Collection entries
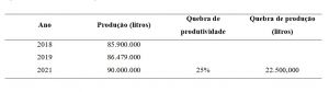 Com a quebra na produção de leite de 22.500.000 litros, considerando o valor de R$ 2,00 o litro de leite, o setor terá prejuízo de R$ 45.000.000,00,. Esse montante não considera o custo adicional com os gastos com ração, desequilibrando ainda mais a cadeia produtiva e aumentando sobremaneira o prejuízo dos agropecuaristas.
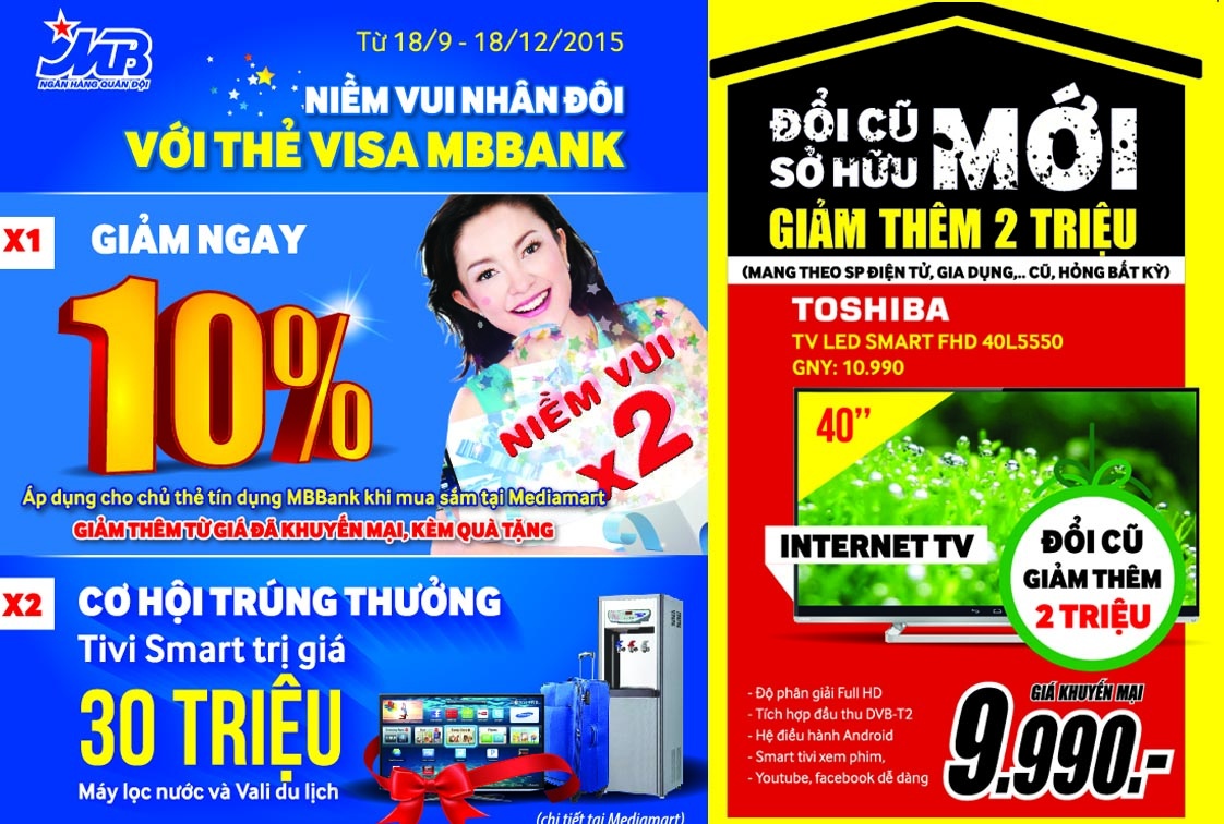 Chưa dừng ở đó, các siêu thị điện máy còn hợp tác với ngân hàng mang đến ưu đãi mua sắm hiện đại và tiết kiệm cho khách hàng trong dịp cuối năm. Theo đó, bên cạnh mức giá giảm sâu và quà tặng giá trị, khi mua sắm các sản phẩm điện tử, công nghệ tại MediaMart thanh toán qua thẻ Visa ANZ, MBBank, ShinhanBank, SeaBank…, khách hàng sẽ được giảm thêm 10% khi chi tiêu. Ngoài ra, khách hàng còn dễ dàng mua sắm với chương trình hỗ trợ tài chính Mua trước trả sau - ưu đãi lãi suất 0% lên tới 6 tháng.
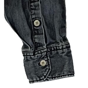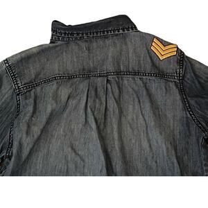 JOE FRESH WOMENS DENIM BUTTON DOWN SHIRT TOP M PATCHES RETRO CASUAL
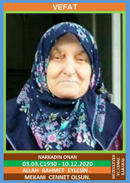 YENİCE GÜNEY KÖYÜ NÜFUSUNA KAYITLI OLUP, YENİCE KALAYCILAR MAHALLESİ İ. MEHMET BEŞEVLİ CADDESİ NO: 81/A/-5’DE İKAMET EDEN MERHUM YAKUP ve AZİZE KIZI, MERHUM MUSTAFA ONAN EŞİ, NARKADIN ONAN (03.03.1930 DOĞUMLU) HAKKIN RAHMETİNE KAVUŞMUŞTUR. CENAZESİ (11.12.2020 CUMA GÜNÜ) YENİCE MERKEZ CAMİİNDE SAAT:11,00’DA KILINACAK CENAZE NAMAZINDAN SONRA SON YOLCULUĞUNA UĞURLANACAKTIR. EŞİ MERHUM MUSTAFA ONAN, ÇOCUKLARI İSMET ONAN, FİKRET ONAN, ŞÜKRÜ ONAN, ERHAN ONAN, MÜRVET OMAK, AYNUR ÇANAKCI, DİLEK NARKADIN ÇAVUŞ, GELİNLERİ NAİLE ONAN, MELAHAT ONAN, NEZİHE ONAN, AYLİN ONAN, DAMATLARI İBRAHİM OMAK, MEHMET ÇAVUŞ, BAHATTİN ÇANAKCI. ALLAH RAHMET EYLESİN. MEKANI CENNET OLSUN. GERİDE BIRAKTIĞI SEVENLERİNE VE AİLESİNE BAŞSAĞLIĞI VE SABIR DİLERİZ.
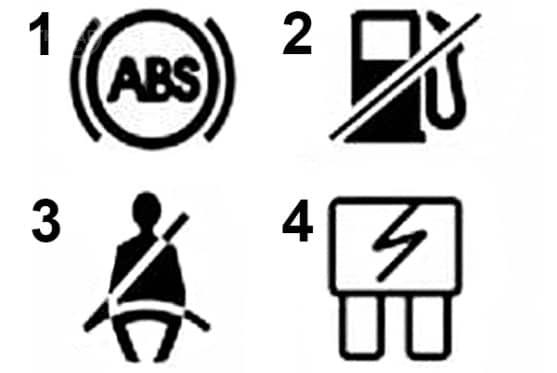 Який з наведених індикаторів стає активним при запуску двигуна автомобіля та горить до тих пір, поки ремінь безпеки не буде пристебнутий?
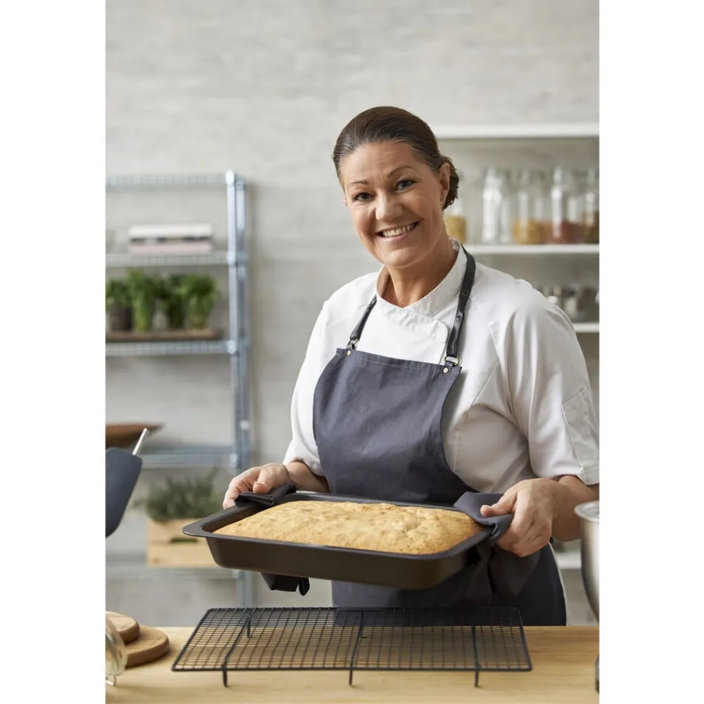 Stor bradepande i stål med non-stick-belægning, som slipper nemt og er let at rengøre. Bradepanden rummer 4,2 liter og anvendes til lækre, klassiske bradepandekager, som du vil forkæle familie og venner med. Du kan også bage et stort brød eller lasagne i bradepanden.
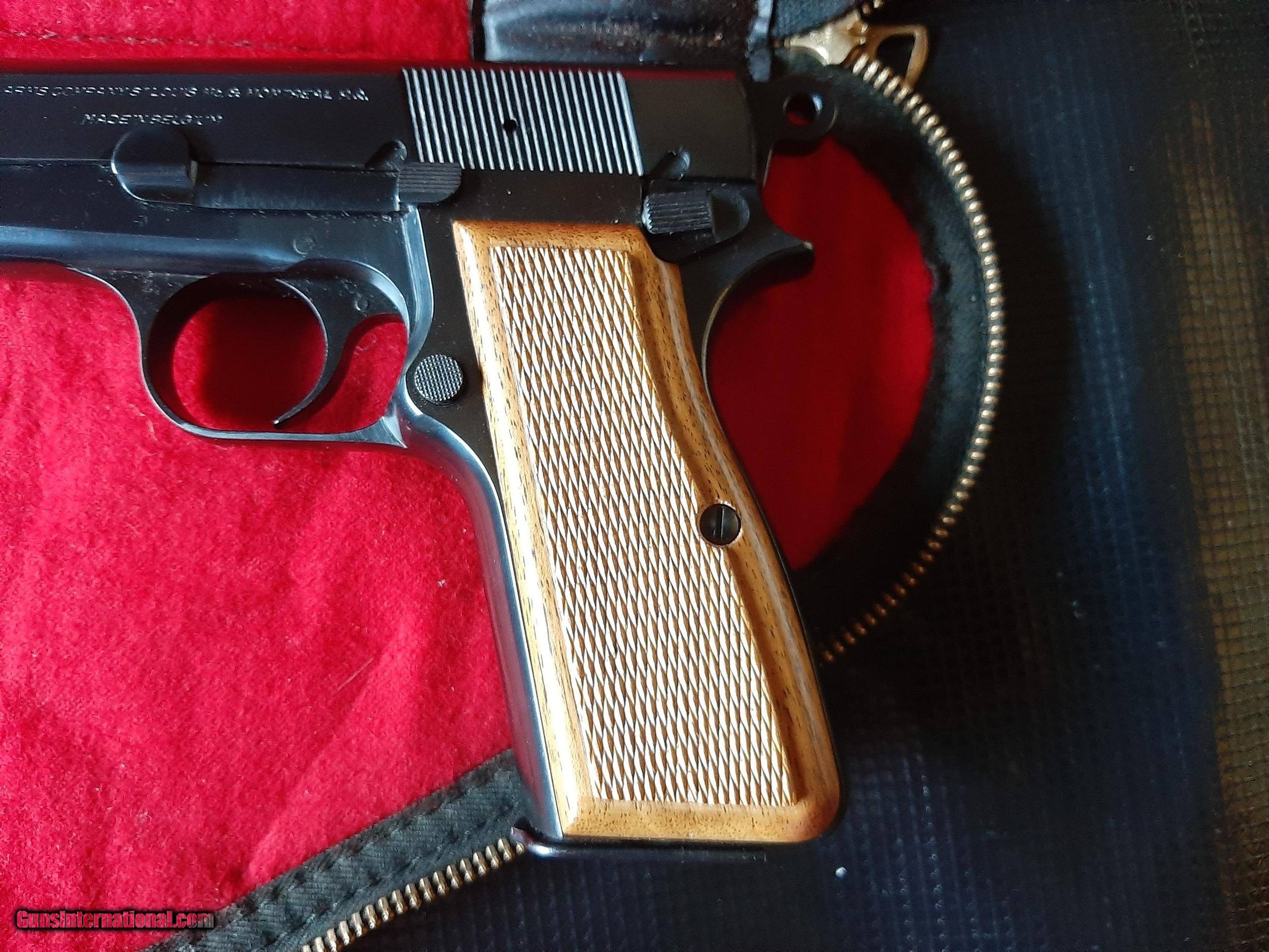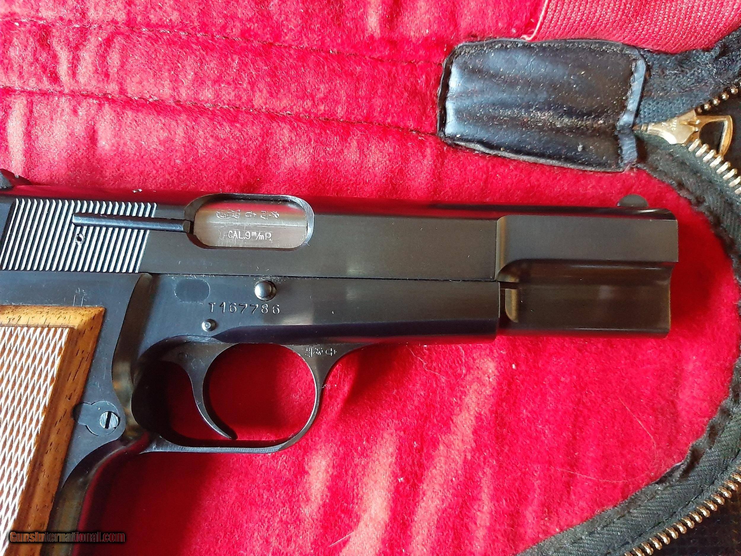 Description: Browning Model Hi Power T Series 9MM that is Like New in Browning factory Pouch. Made in 1966. Comes with one Magazine. All original with Red back grips. Credit Cards add 3%. Shipping and Insurance is 35.00. SOLD Handgun Caliber: 9x19mm Parabellum (9mm Luger, 9x19mm NATO) |
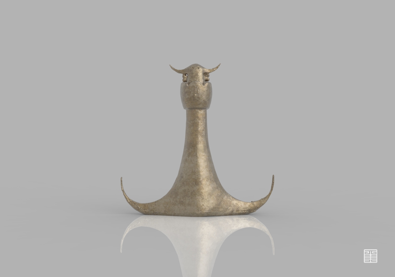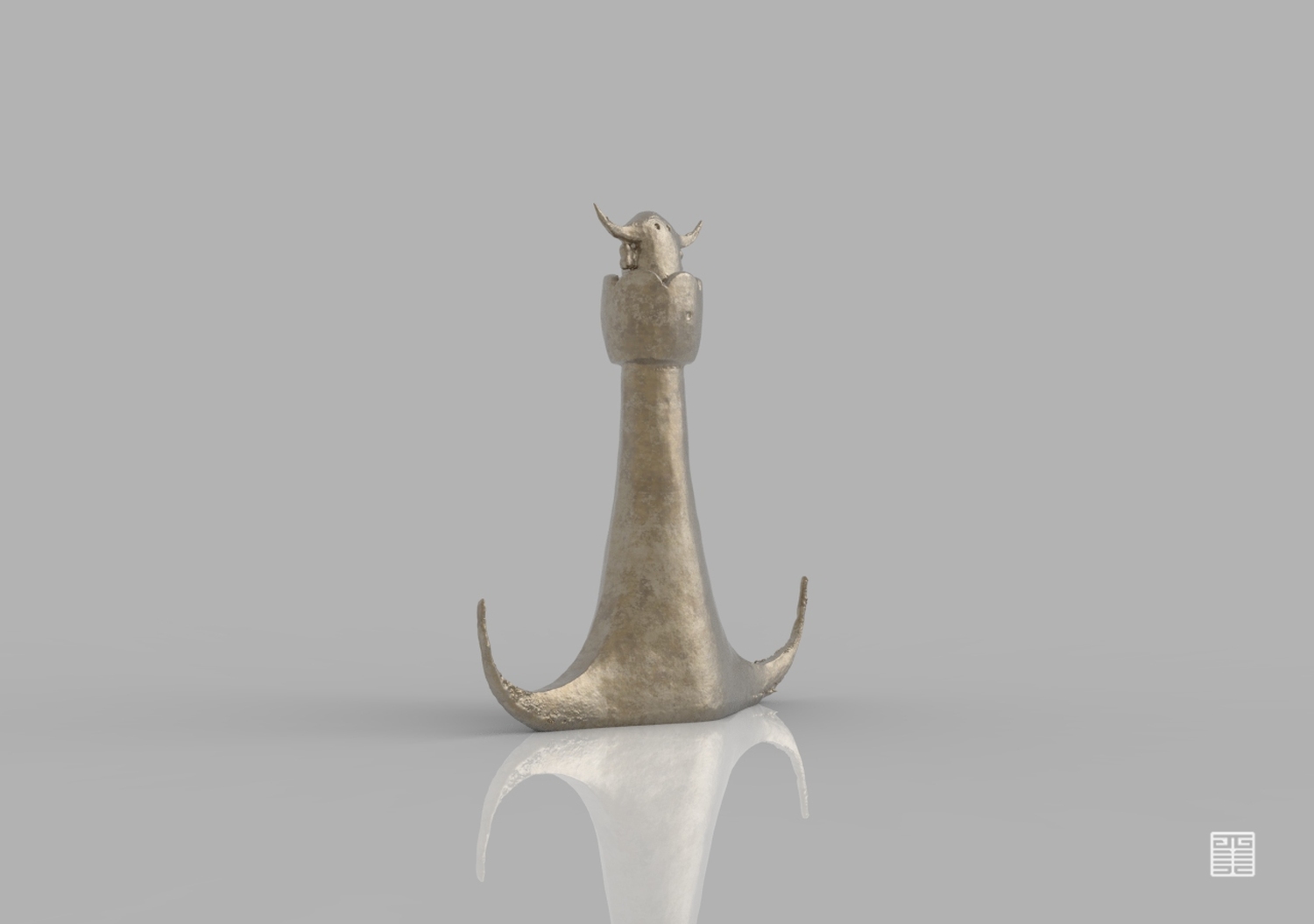 这件我所做的作品,是一只狗,骨头和花朵可以理解为物质与精神,但不是每一只狗物质和精神都同时会得到满足,人狗关系、人与动物的关系有点像相互作用力,最终呈现材质为铜质感。
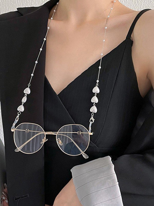 Cadena de anteojos con perla de imitación con patrón de corazón
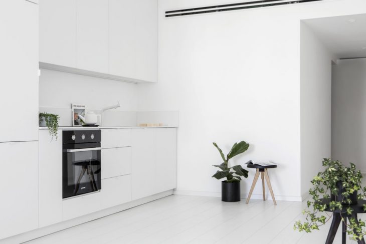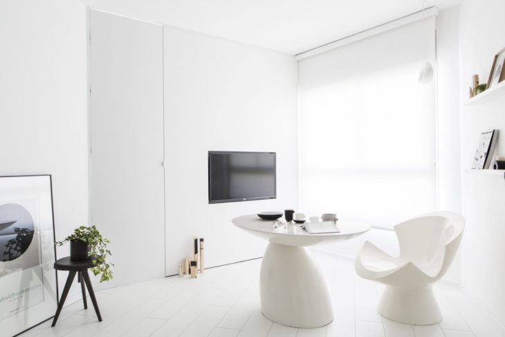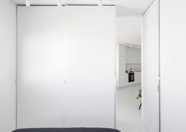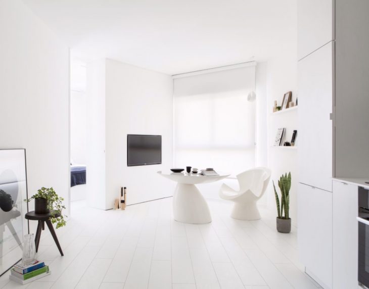 The apartment’s floor was covered with a minimalistic white parquet, the walls were painted in white color and all carpentry & furniture items were designed in white as well.
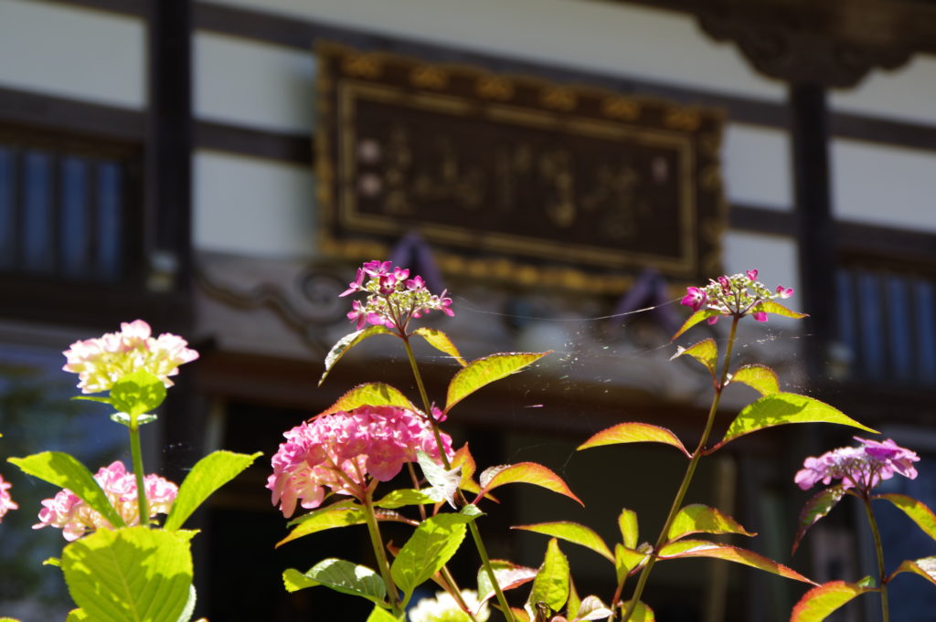 山門をくぐる前から色とりどりの紫陽花が見られ、さすが紫陽花寺の風格を表します。
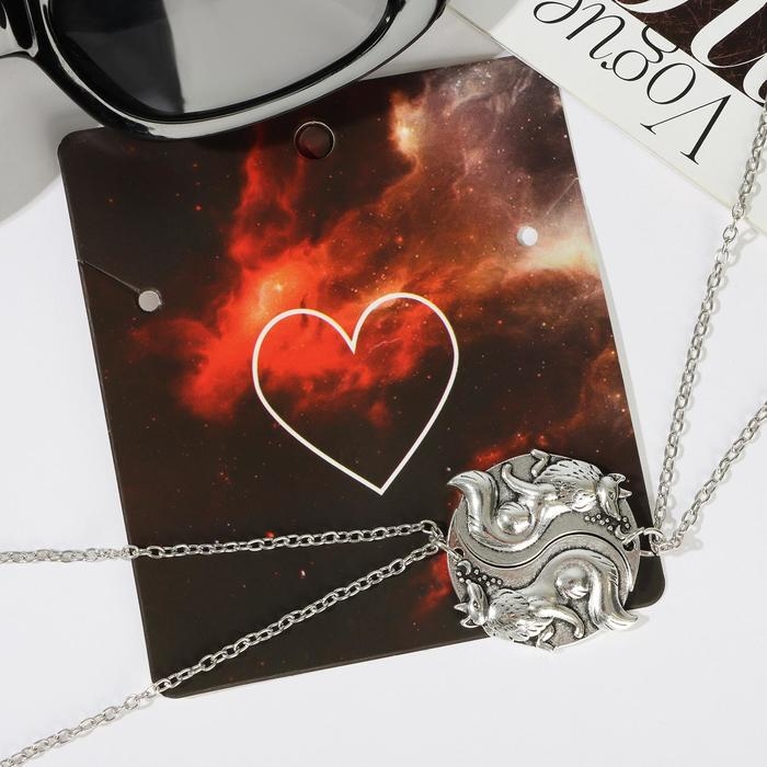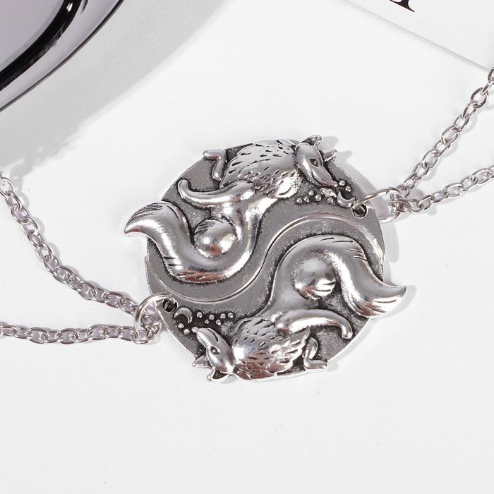Кулоны «Неразлучники» волки инь-ян, цвет серебро, 45 см
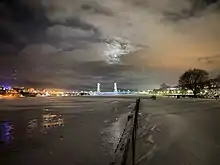 The expanded canal allowed freighters to haul copper from the rich copper mines of the Keweenaw Peninsula out through Lake Superior to larger cities. It also enabled supply boats and freighters to reach the cities of Houghton and Hancock, which supplied goods to most of Michigan's copper region. The expanded canal and shipping lane has a depth of 25 feet (7.6 m), deeper in some locations. As the waterway connects Lake Superior to itself, there are no locks needed.[3][4] The local mines' stamp mills dumped large quantities of stamp sand (containing traces of copper and chemical leaching agents) into the waterway, causing significant environmental damage near the sand dumps. Stamp mills on the waterway included the Old Atlantic, old Quincy, Pewabic, old Franklin, and the Isle Royale mills.
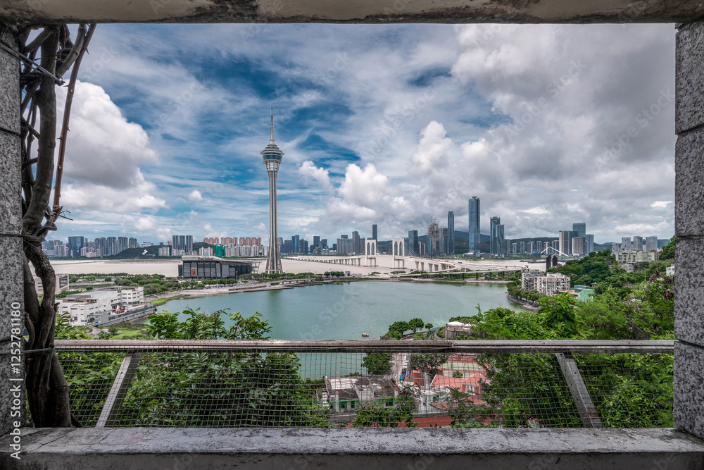 panorama of the Macau Tower in the city of Macau in a frame with blue sky and cloud

* **WORK REQUIRED**
Every line above is to be written out unchanged, with the pictures omitted.

* **EXERCISE SOLUTION**
 Com a quebra na produção de leite de 22.500.000 litros, considerando o valor de R$ 2,00 o litro de leite, o setor terá prejuízo de R$ 45.000.000,00,. Esse montante não considera o custo adicional com os gastos com ração, desequilibrando ainda mais a cadeia produtiva e aumentando sobremaneira o prejuízo dos agropecuaristas.
 Chưa dừng ở đó, các siêu thị điện máy còn hợp tác với ngân hàng mang đến ưu đãi mua sắm hiện đại và tiết kiệm cho khách hàng trong dịp cuối năm. Theo đó, bên cạnh mức giá giảm sâu và quà tặng giá trị, khi mua sắm các sản phẩm điện tử, công nghệ tại MediaMart thanh toán qua thẻ Visa ANZ, MBBank, ShinhanBank, SeaBank…, khách hàng sẽ được giảm thêm 10% khi chi tiêu. Ngoài ra, khách hàng còn dễ dàng mua sắm với chương trình hỗ trợ tài chính Mua trước trả sau - ưu đãi lãi suất 0% lên tới 6 tháng.
 JOE FRESH WOMENS DENIM BUTTON DOWN SHIRT TOP M PATCHES RETRO CASUAL
 YENİCE GÜNEY KÖYÜ NÜFUSUNA KAYITLI OLUP, YENİCE KALAYCILAR MAHALLESİ İ. MEHMET BEŞEVLİ CADDESİ NO: 81/A/-5’DE İKAMET EDEN MERHUM YAKUP ve AZİZE KIZI, MERHUM MUSTAFA ONAN EŞİ, NARKADIN ONAN (03.03.1930 DOĞUMLU) HAKKIN RAHMETİNE KAVUŞMUŞTUR. CENAZESİ (11.12.2020 CUMA GÜNÜ) YENİCE MERKEZ CAMİİNDE SAAT:11,00’DA KILINACAK CENAZE NAMAZINDAN SONRA SON YOLCULUĞUNA UĞURLANACAKTIR. EŞİ MERHUM MUSTAFA ONAN, ÇOCUKLARI İSMET ONAN, FİKRET ONAN, ŞÜKRÜ ONAN, ERHAN ONAN, MÜRVET OMAK, AYNUR ÇANAKCI, DİLEK NARKADIN ÇAVUŞ, GELİNLERİ NAİLE ONAN, MELAHAT ONAN, NEZİHE ONAN, AYLİN ONAN, DAMATLARI İBRAHİM OMAK, MEHMET ÇAVUŞ, BAHATTİN ÇANAKCI. ALLAH RAHMET EYLESİN. MEKANI CENNET OLSUN. GERİDE BIRAKTIĞI SEVENLERİNE VE AİLESİNE BAŞSAĞLIĞI VE SABIR DİLERİZ.
 Який з наведених індикаторів стає активним при запуску двигуна автомобіля та горить до тих пір, поки ремінь безпеки не буде пристебнутий?
 Stor bradepande i stål med non-stick-belægning, som slipper nemt og er let at rengøre. Bradepanden rummer 4,2 liter og anvendes til lækre, klassiske bradepandekager, som du vil forkæle familie og venner med. Du kan også bage et stort brød eller lasagne i bradepanden.
 Description: Browning Model Hi Power T Series 9MM that is Like New in Browning factory Pouch. Made in 1966. Comes with one Magazine. All original with Red back grips. Credit Cards add 3%. Shipping and Insurance is 35.00. SOLD Handgun Caliber: 9x19mm Parabellum (9mm Luger, 9x19mm NATO) |
 这件我所做的作品,是一只狗,骨头和花朵可以理解为物质与精神,但不是每一只狗物质和精神都同时会得到满足,人狗关系、人与动物的关系有点像相互作用力,最终呈现材质为铜质感。
 Cadena de anteojos con perla de imitación con patrón de corazón
 The apartment’s floor was covered with a minimalistic white parquet, the walls were painted in white color and all carpentry & furniture items were designed in white as well.
 山門をくぐる前から色とりどりの紫陽花が見られ、さすが紫陽花寺の風格を表します。
Кулоны «Неразлучники» волки инь-ян, цвет серебро, 45 см
 The expanded canal allowed freighters to haul copper from the rich copper mines of the Keweenaw Peninsula out through Lake Superior to larger cities. It also enabled supply boats and freighters to reach the cities of Houghton and Hancock, which supplied goods to most of Michigan's copper region. The expanded canal and shipping lane has a depth of 25 feet (7.6 m), deeper in some locations. As the waterway connects Lake Superior to itself, there are no locks needed.[3][4] The local mines' stamp mills dumped large quantities of stamp sand (containing traces of copper and chemical leaching agents) into the waterway, causing significant environmental damage near the sand dumps. Stamp mills on the waterway included the Old Atlantic, old Quincy, Pewabic, old Franklin, and the Isle Royale mills.
 panorama of the Macau Tower in the city of Macau in a frame with blue sky and cloud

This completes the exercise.